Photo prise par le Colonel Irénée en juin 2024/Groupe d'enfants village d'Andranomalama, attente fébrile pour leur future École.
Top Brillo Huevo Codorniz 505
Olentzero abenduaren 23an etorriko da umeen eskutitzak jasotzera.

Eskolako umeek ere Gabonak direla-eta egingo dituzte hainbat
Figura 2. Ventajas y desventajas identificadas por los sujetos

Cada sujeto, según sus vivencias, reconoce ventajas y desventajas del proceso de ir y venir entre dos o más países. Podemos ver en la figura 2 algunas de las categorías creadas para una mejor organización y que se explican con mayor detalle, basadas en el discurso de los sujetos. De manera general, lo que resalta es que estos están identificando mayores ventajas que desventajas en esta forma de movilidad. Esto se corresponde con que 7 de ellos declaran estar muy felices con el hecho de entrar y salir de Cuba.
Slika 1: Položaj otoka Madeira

...

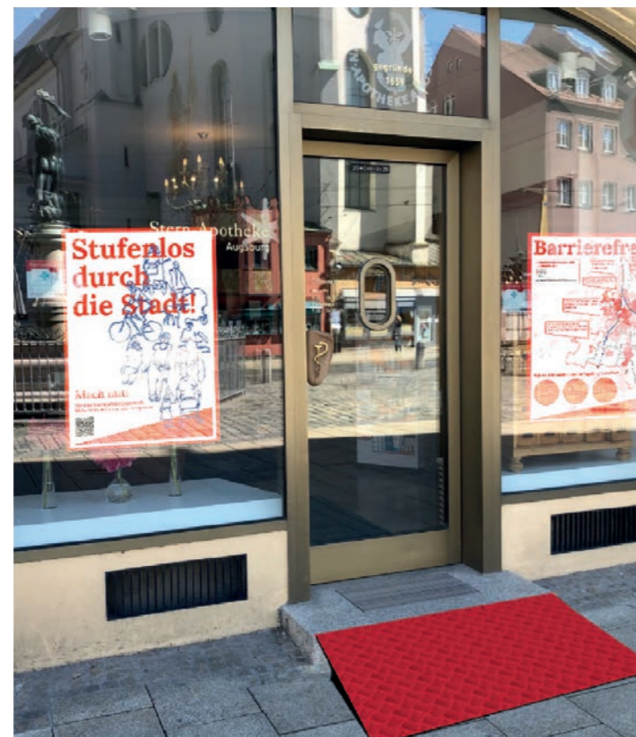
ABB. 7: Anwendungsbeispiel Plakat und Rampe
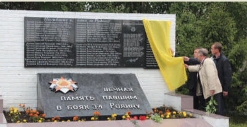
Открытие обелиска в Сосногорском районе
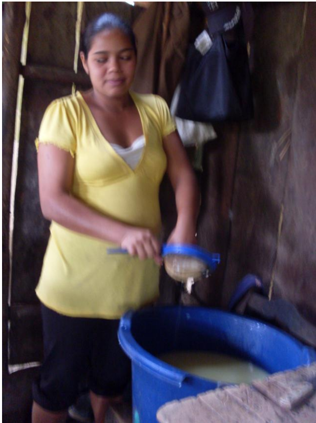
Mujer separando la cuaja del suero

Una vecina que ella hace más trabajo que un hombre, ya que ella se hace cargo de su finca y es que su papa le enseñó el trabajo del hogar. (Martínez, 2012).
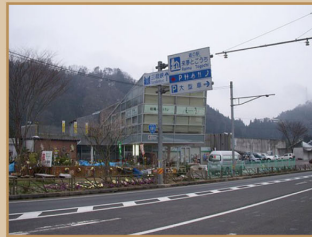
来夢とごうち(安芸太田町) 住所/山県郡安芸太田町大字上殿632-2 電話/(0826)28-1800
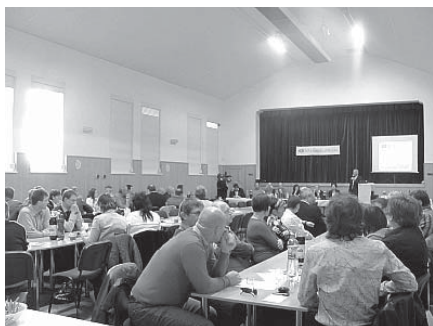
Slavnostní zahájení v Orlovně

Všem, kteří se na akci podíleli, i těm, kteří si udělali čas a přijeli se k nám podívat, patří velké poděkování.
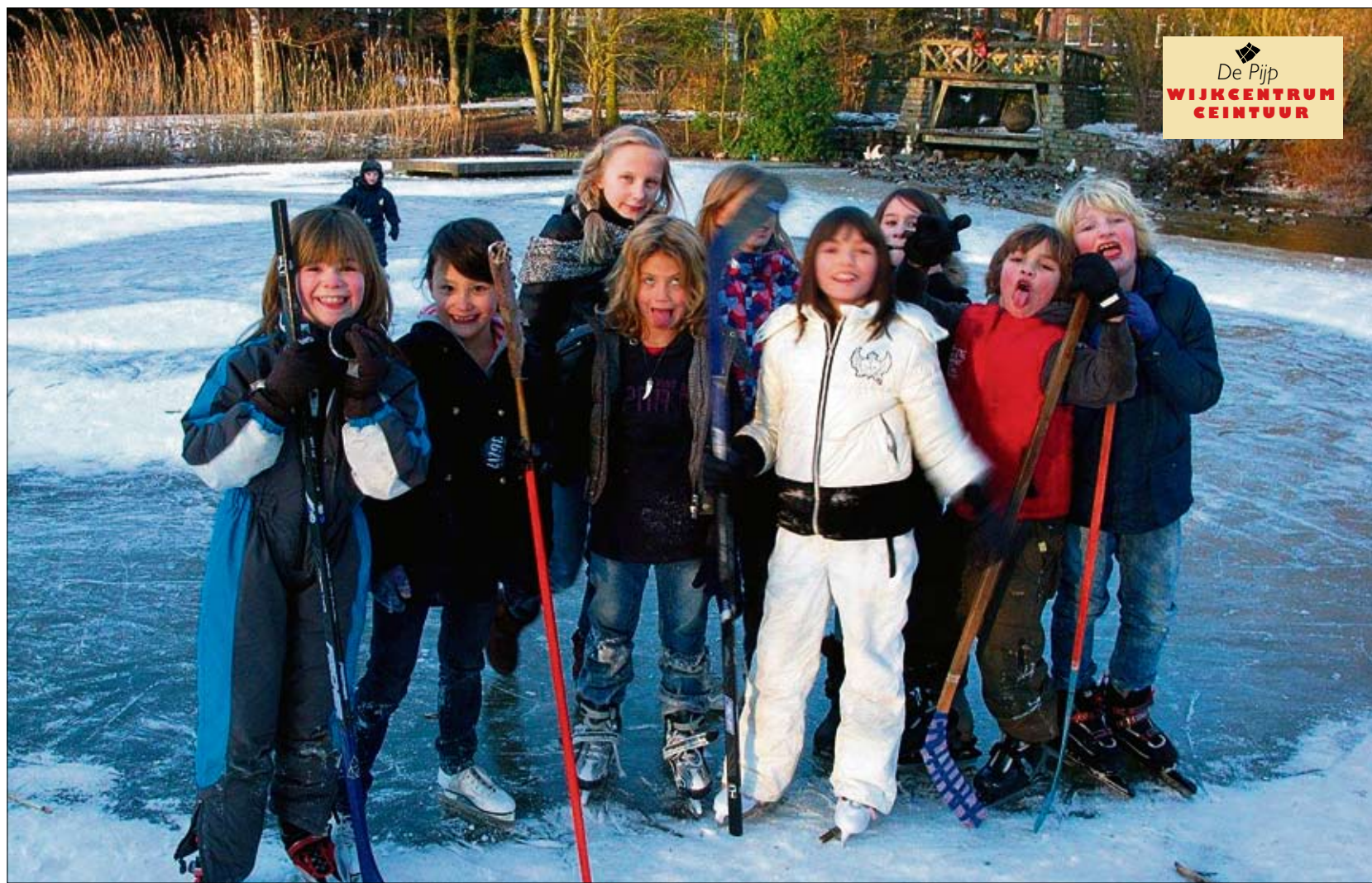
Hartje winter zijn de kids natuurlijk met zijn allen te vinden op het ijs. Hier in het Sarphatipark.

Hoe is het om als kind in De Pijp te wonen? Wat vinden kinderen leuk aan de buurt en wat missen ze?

▶ _Work order_
Look through the data and show every line containing "sujetos".

▶ _Result for this exercise_
Figura 2. Ventajas y desventajas identificadas por los sujetos
Cada sujeto, según sus vivencias, reconoce ventajas y desventajas del proceso de ir y venir entre dos o más países. Podemos ver en la figura 2 algunas de las categorías creadas para una mejor organización y que se explican con mayor detalle, basadas en el discurso de los sujetos. De manera general, lo que resalta es que estos están identificando mayores ventajas que desventajas en esta forma de movilidad. Esto se corresponde con que 7 de ellos declaran estar muy felices con el hecho de entrar y salir de Cuba.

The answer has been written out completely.